What is expected: Pictures excluded, copy word for word the lines from the one holding "主要包括護(hù)士站、診室" through the last line below.

Study material:
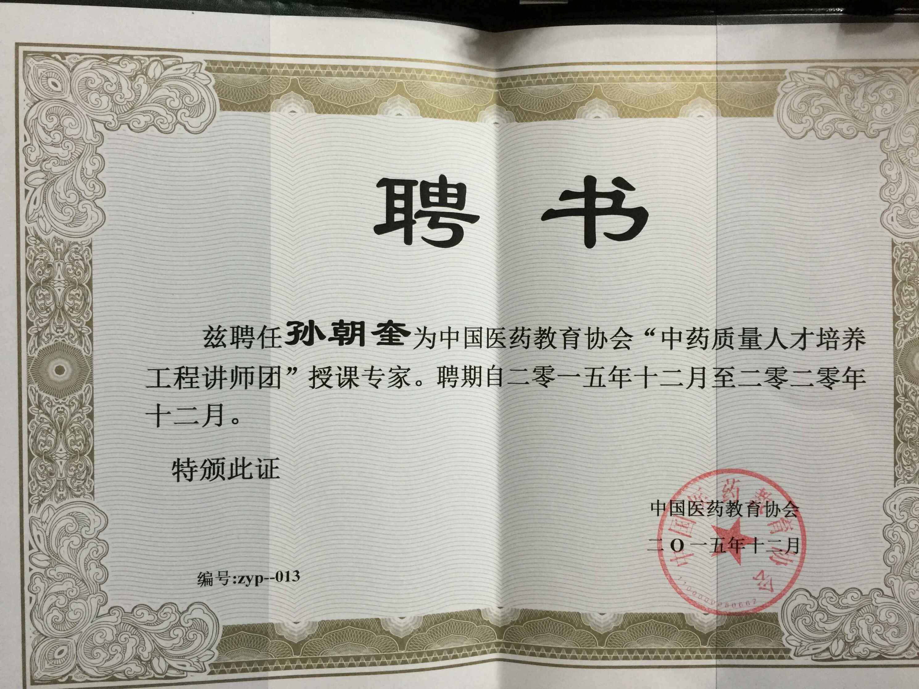 我公司質(zhì)量總監(jiān)孫朝奎被聘為國(guó)家級(jí)授課專家
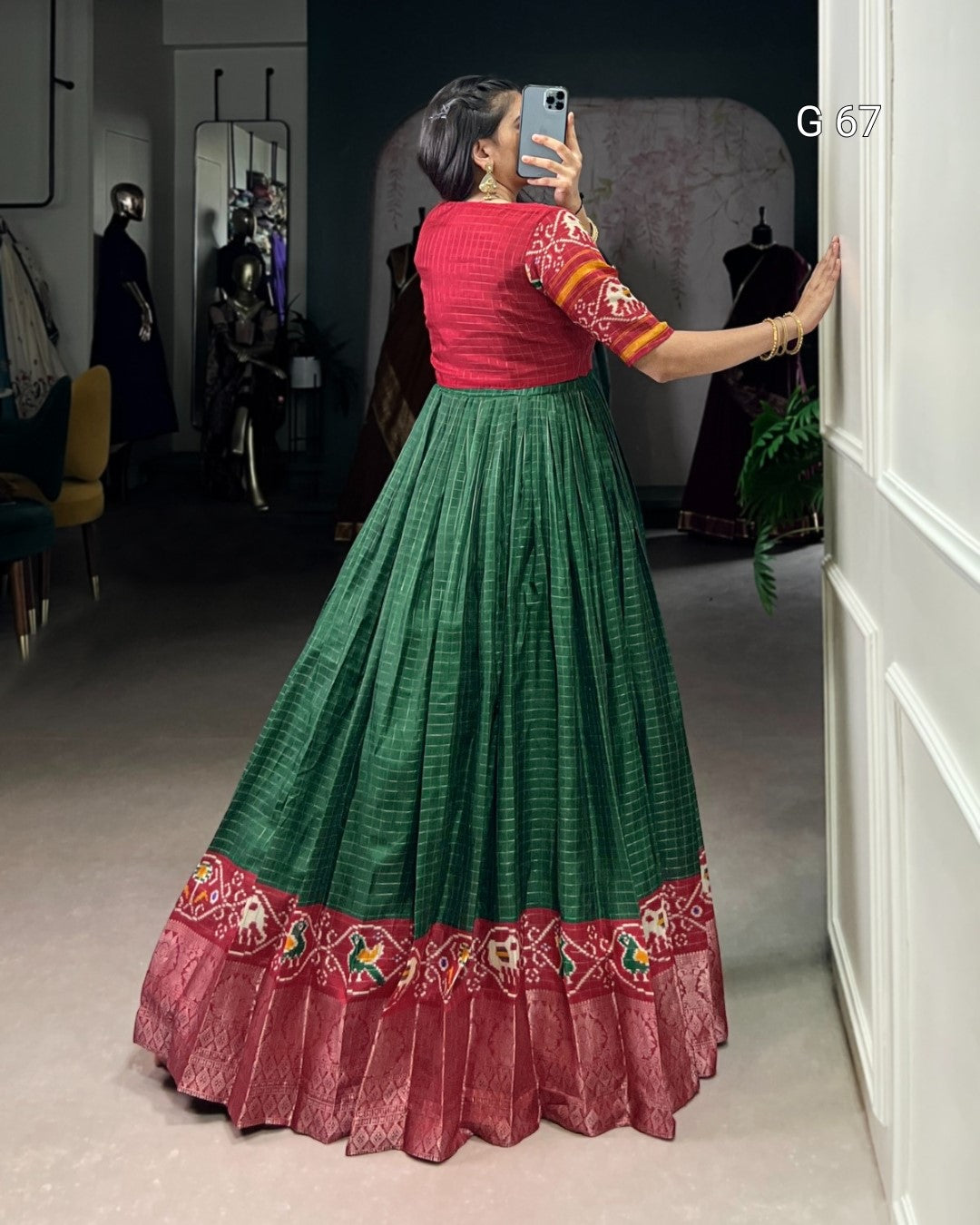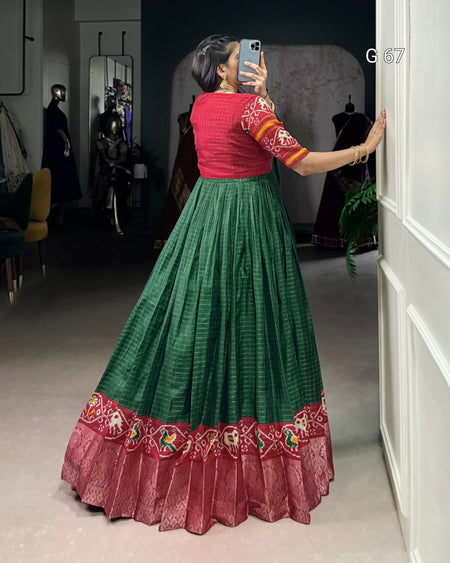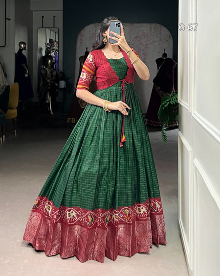 Tasar Chex Gown with Patola Print & Weaving Work Border – G 67 Green
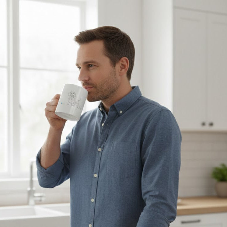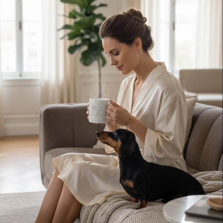 Trasforma il momento del caffè o del tè in un'esperienza ricca di stile. La nostra Mug non è solo un contenitore, ma un oggetto di design minimalista. Caratterizzata da una raffinata line art, la tazza mostra il profilo elegante del bassotto che si unisce armoniosamente a un cuore, celebrando la fedeltà e l'affetto del tuo amico a quattro zampe.
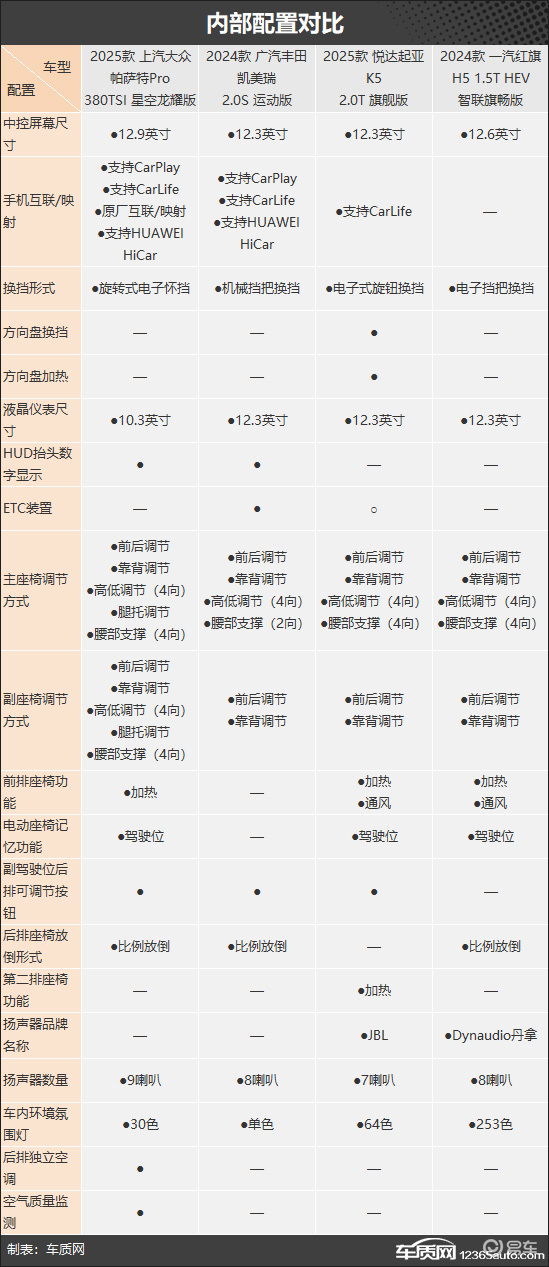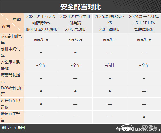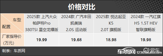 随着市场竞争的愈发激烈,中型车市场已经发生了巨大变化。此次推荐的四款车型中,上汽大众帕萨特Pro的整体表现相对较好,尤其是在驾驶辅助和智能化配置方面,可更好地满足消费者需求;广汽丰田凯美瑞保持了一贯稳重的形象,各方面表现中规中矩;悦达起亚K5的优势体现在性能方面;而一汽红旗H5则在燃油经济性方面更胜一筹。总体来看,无论是哪一款车,均有让人选择的理由。至于该如何选择,就要看您的个人喜好和具体的用车需求了。
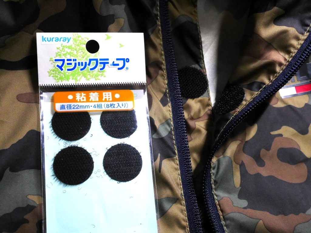 そんなこんなで長年モヤモヤとした気分で愛用して来たのだが、ユザワヤで偶然、便利なマジックテープを発見した。粘着式、アイロンによる熱圧着式など種類も豊富で、だまされた積りで「粘着式」を購入して早速2カ所に取り付けたところ、これが非常に便利でまあまあ使えそうとなる。
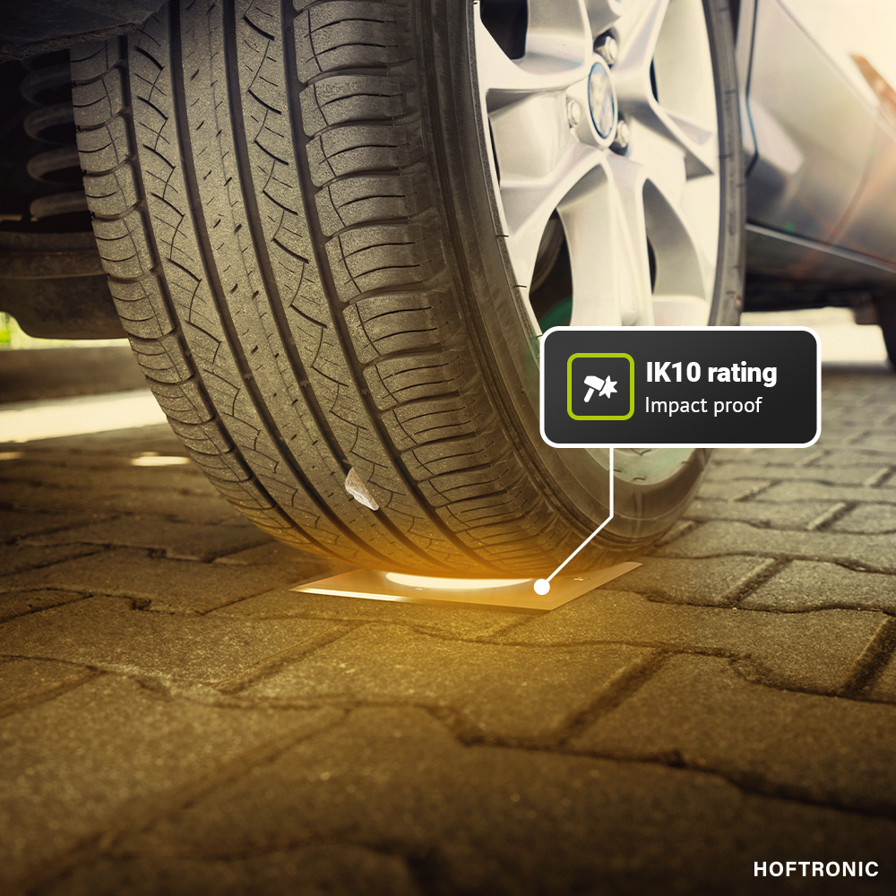 • Geschikt voor oprit: Door toepassing van stevige materialen en veiligheidsglas zijn de grondspots overrijdbaar. Je kunt deze dus bovendien inbouwen in je oprijlaan.
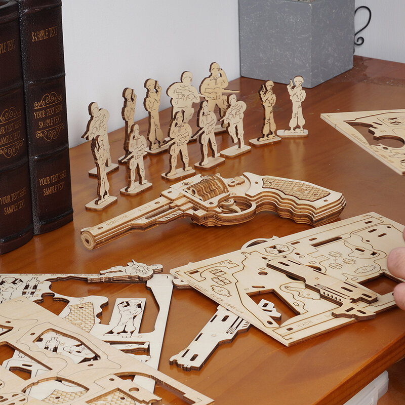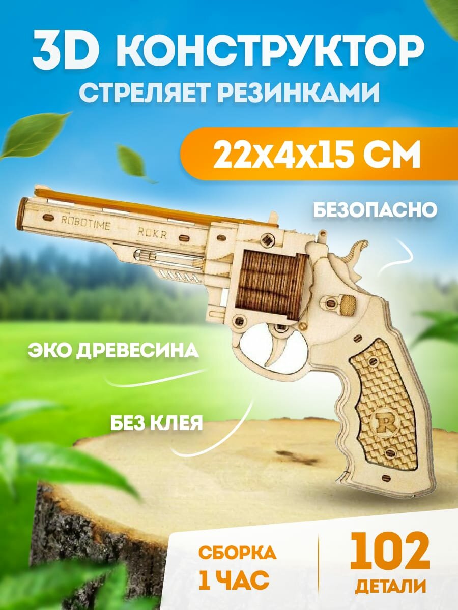 Деревянный 3D конструктор Robotime револьвер Корсак М60 102 дет.
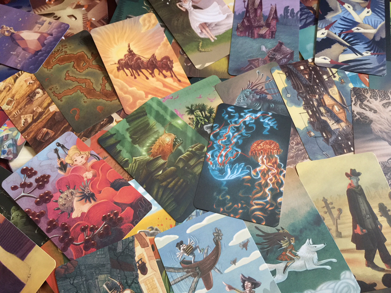 “Cette 7ème extension est signée Paul Echegoyen, illustrateur de bande dessinée et d’albums jeunesse, il utilise des techniques variées pour ses travaux. Plongez dans son univers doux et nostalgique. Ses dessins chatoyants vous embarquent vers des contrées insolites.” peut-on lire du côté de l’éditeur, Libellud.
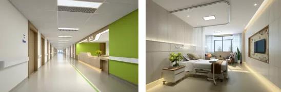 主要包括護(hù)士站、診室、治療室、病房及病房衛(wèi)生間等區(qū)域,這些區(qū)域在平面布局上注重便捷的功能排布;在裝飾材料選擇上要注意具備吸音降噪、抗菌耐污、耐擦洗的特征;在采光照明上要求防眩光、高顯色,注意漫反射光與直接照明相結(jié)合。
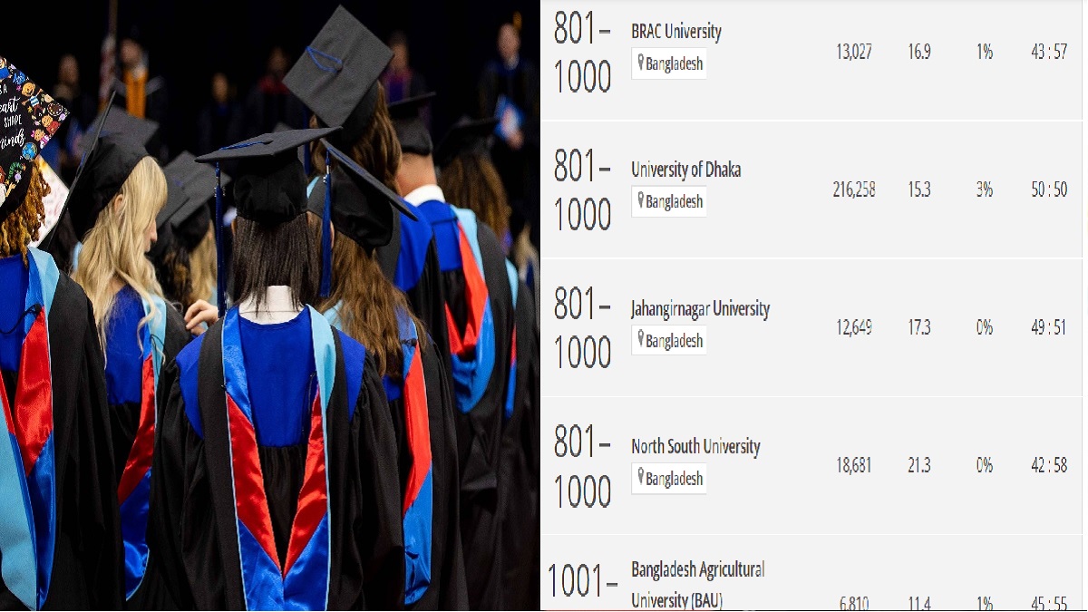 বুধবার (২৭ সেপ্টেম্বর) প্রকাশিত এ তালিকায় বাংলাদেশের মোট ৯টি বিশ্ববিদ্যালয় স্থান পেয়েছে। এর মধ্যে ৮০১ থেকে ১০০০ এর মধ্যে আছে দেশের ৪ বিশ্ববিদ্যালয়। এগুলো হলো, ব্র্যাক ইউনিভার্সিটি, ঢাকা বিশ্ববিদ্যালয়, জাহাঙ্গীরনগর বিশ্ববিদ্যালয় ও নর্থ সাউথ ইউনিভার্সিটি।
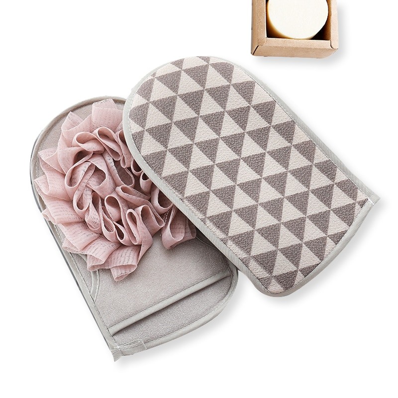 A esponja pode ser utilizada como um manguito para a mão. Tem dois lados.
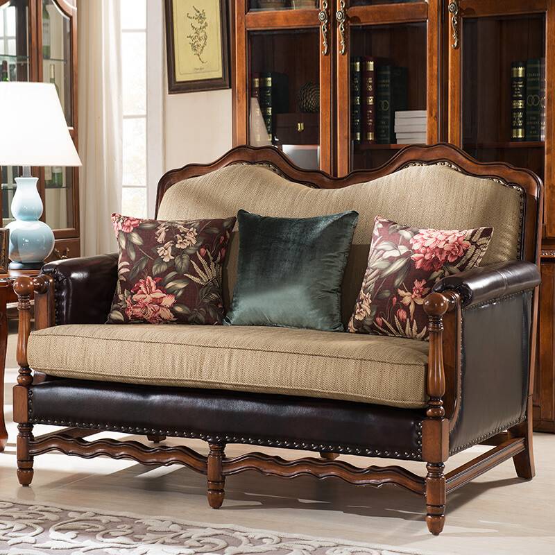A10L美式乡村皮布艺沙发组合复古个性经典小户型客厅单人沙发椅老
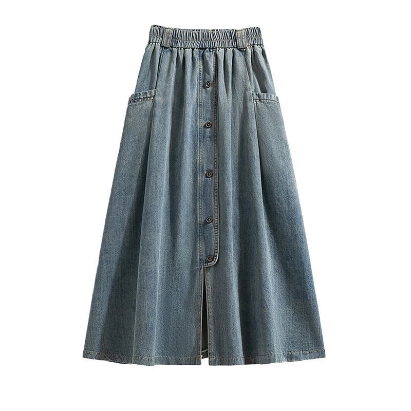여아 데님 스커트, 큰 아동 데님 스커트, 새로운 얇고 부드러운 데님 스커트, 긴 스타일, 2025 새로운 스타일

Answer below:
 主要包括護(hù)士站、診室、治療室、病房及病房衛(wèi)生間等區(qū)域,這些區(qū)域在平面布局上注重便捷的功能排布;在裝飾材料選擇上要注意具備吸音降噪、抗菌耐污、耐擦洗的特征;在采光照明上要求防眩光、高顯色,注意漫反射光與直接照明相結(jié)合。
 বুধবার (২৭ সেপ্টেম্বর) প্রকাশিত এ তালিকায় বাংলাদেশের মোট ৯টি বিশ্ববিদ্যালয় স্থান পেয়েছে। এর মধ্যে ৮০১ থেকে ১০০০ এর মধ্যে আছে দেশের ৪ বিশ্ববিদ্যালয়। এগুলো হলো, ব্র্যাক ইউনিভার্সিটি, ঢাকা বিশ্ববিদ্যালয়, জাহাঙ্গীরনগর বিশ্ববিদ্যালয় ও নর্থ সাউথ ইউনিভার্সিটি।
 A esponja pode ser utilizada como um manguito para a mão. Tem dois lados.
A10L美式乡村皮布艺沙发组合复古个性经典小户型客厅单人沙发椅老
여아 데님 스커트, 큰 아동 데님 스커트, 새로운 얇고 부드러운 데님 스커트, 긴 스타일, 2025 새로운 스타일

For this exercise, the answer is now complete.